(Collected data entries)
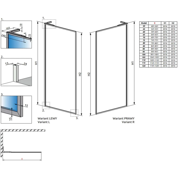 Душевая перегородка Radaway Modo F SL Black II 55 Right 10419055-54-01R профиль черный матовый, стекло прозрачное
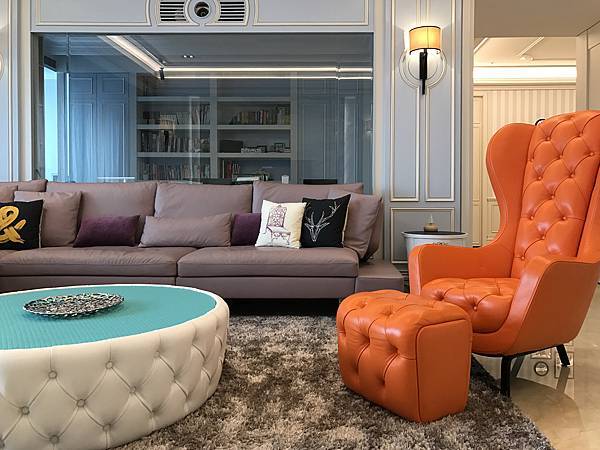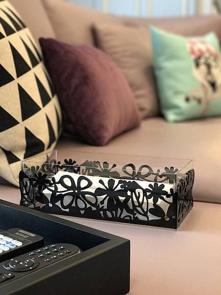 剛好跟玄關烤漆玻璃的大馬士革圖騰呼應
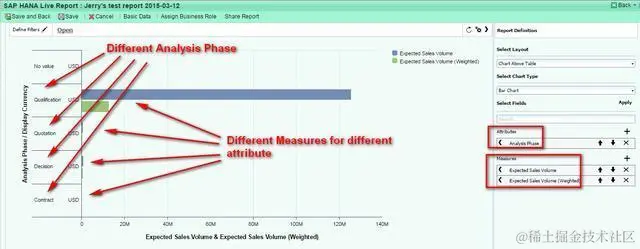 必填参数维护完毕后,给report指定需要显示在UI上的attribute。这里我选择了:“Analysis Phase”.
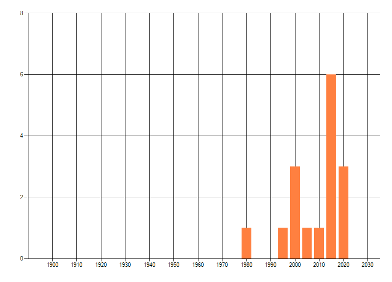 Het aantal atlasblokken (5x5 km) waarin de soort is gemeld binnen een periode van vijf jaar (vanaf 1980) of twintig jaar. Niet gecorrigeerd voor waarnemersinspanning en het aantal doorgegeven waarnemingen kan sterk variëren per periode, dus een trend in verspreiding kan hier niet direct uit worden afgelezen. Het opgegeven jaartal is het eerste jaar van de periode. Bron: gevalideerde waarnemingen uit de NDFF.
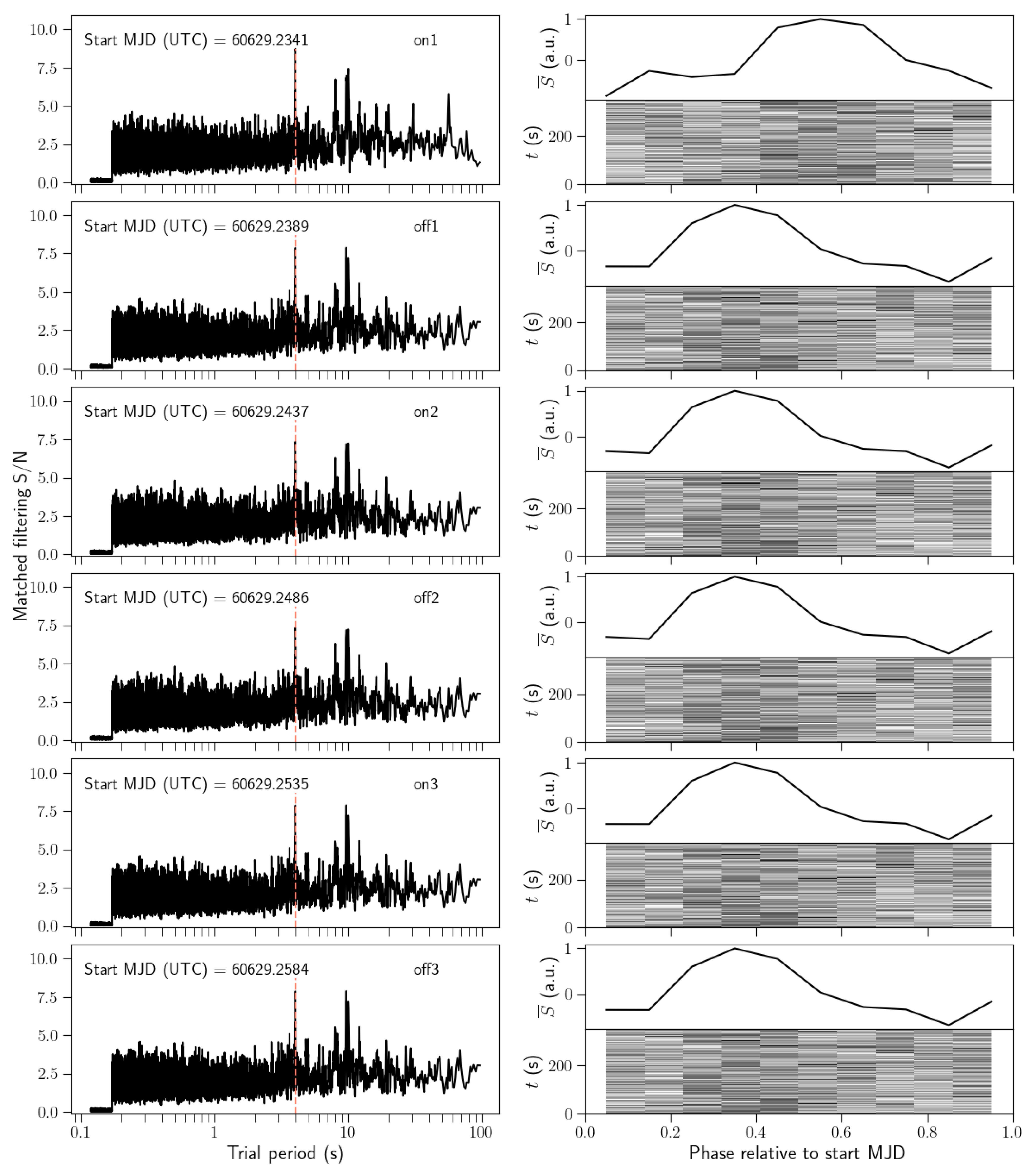 Plot for the candidate in the 1089.111328 MHz channel during the observation of Barnard’s star. Left panels are the periodograms generated from the time series. Right panels show the phase–time diagrams (bottom subplots) and folded profiles (top subplots) of candidates at P = 4.00106 s. The peak of the periodogram and the folded profile are detected in the first on-source scan.
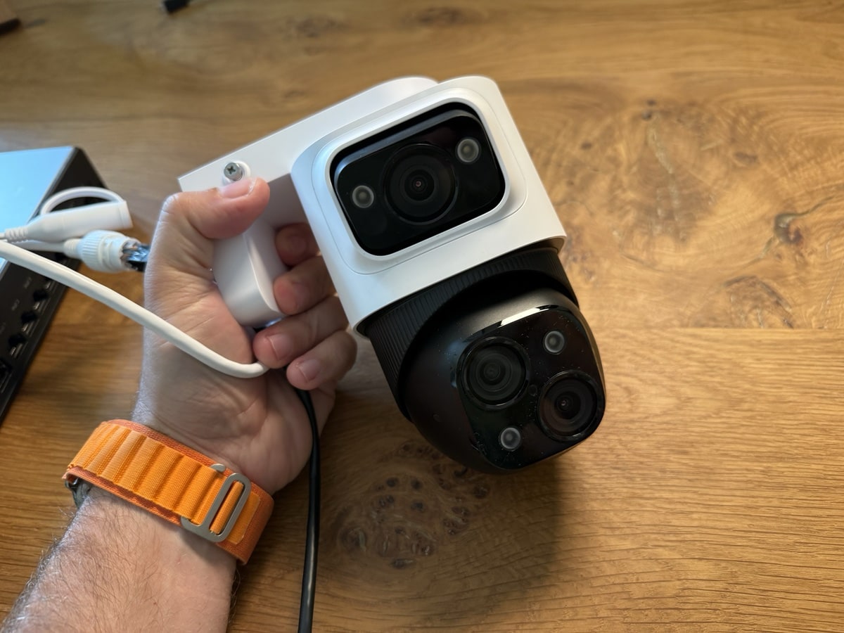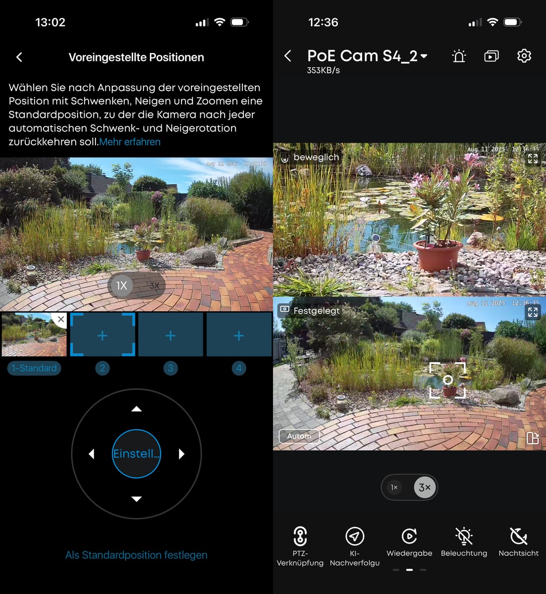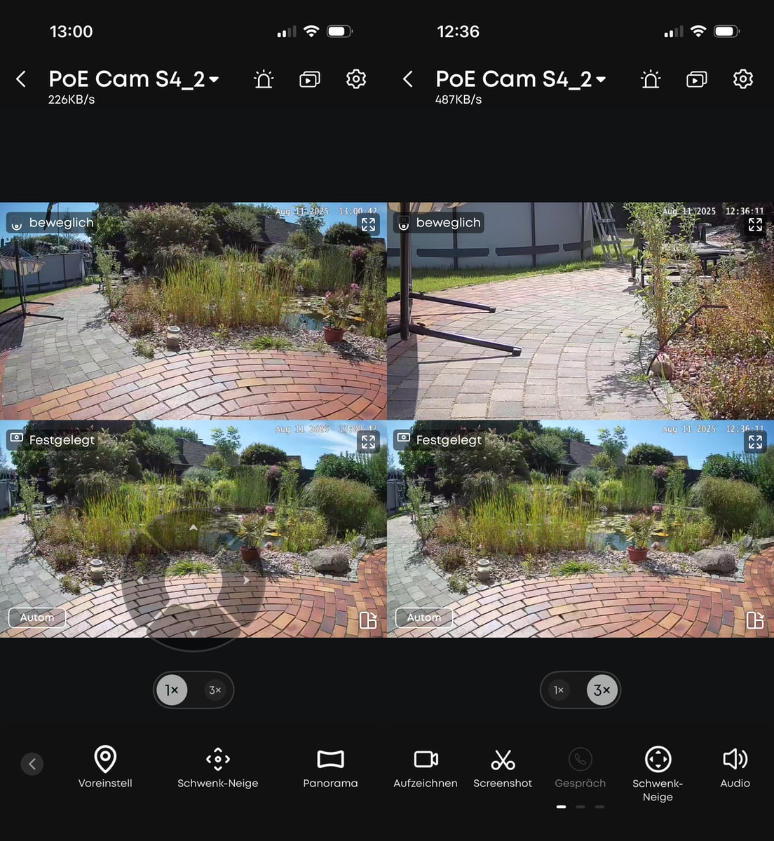 Jede Kamera verfügt über drei Objektive: Eine fest montierte 4K-Weitwinkelkamera mit 122-Grad-Sichtfeld und darunter eine 2K-PTZ-Kamera mit 360-Grad-Schwenkbereich. Der 8-fache Hybridzoom setzt sich aus 3-fachem optischen und 5-fachem digitalem Zoom zusammen. Die obere Kamera lässt sich zusätzlich neigen und in der Ausrichtung zur unteren Kamera verdrehen. Ganz schräg: In der App kann man da nix neigen oder so, man muss die obere Cam händisch justieren. Was ein Quatsch.

▸ **How to complete this task**
Give back only the lines from the one that carries "剛好跟玄關烤漆玻璃的大馬士革圖騰呼應" through the final line above, both included. Drop all pictures.

▸ **Exercise output**
 剛好跟玄關烤漆玻璃的大馬士革圖騰呼應
 必填参数维护完毕后,给report指定需要显示在UI上的attribute。这里我选择了:“Analysis Phase”.
 Het aantal atlasblokken (5x5 km) waarin de soort is gemeld binnen een periode van vijf jaar (vanaf 1980) of twintig jaar. Niet gecorrigeerd voor waarnemersinspanning en het aantal doorgegeven waarnemingen kan sterk variëren per periode, dus een trend in verspreiding kan hier niet direct uit worden afgelezen. Het opgegeven jaartal is het eerste jaar van de periode. Bron: gevalideerde waarnemingen uit de NDFF.
 Plot for the candidate in the 1089.111328 MHz channel during the observation of Barnard’s star. Left panels are the periodograms generated from the time series. Right panels show the phase–time diagrams (bottom subplots) and folded profiles (top subplots) of candidates at P = 4.00106 s. The peak of the periodogram and the folded profile are detected in the first on-source scan.
 Jede Kamera verfügt über drei Objektive: Eine fest montierte 4K-Weitwinkelkamera mit 122-Grad-Sichtfeld und darunter eine 2K-PTZ-Kamera mit 360-Grad-Schwenkbereich. Der 8-fache Hybridzoom setzt sich aus 3-fachem optischen und 5-fachem digitalem Zoom zusammen. Die obere Kamera lässt sich zusätzlich neigen und in der Ausrichtung zur unteren Kamera verdrehen. Ganz schräg: In der App kann man da nix neigen oder so, man muss die obere Cam händisch justieren. Was ein Quatsch.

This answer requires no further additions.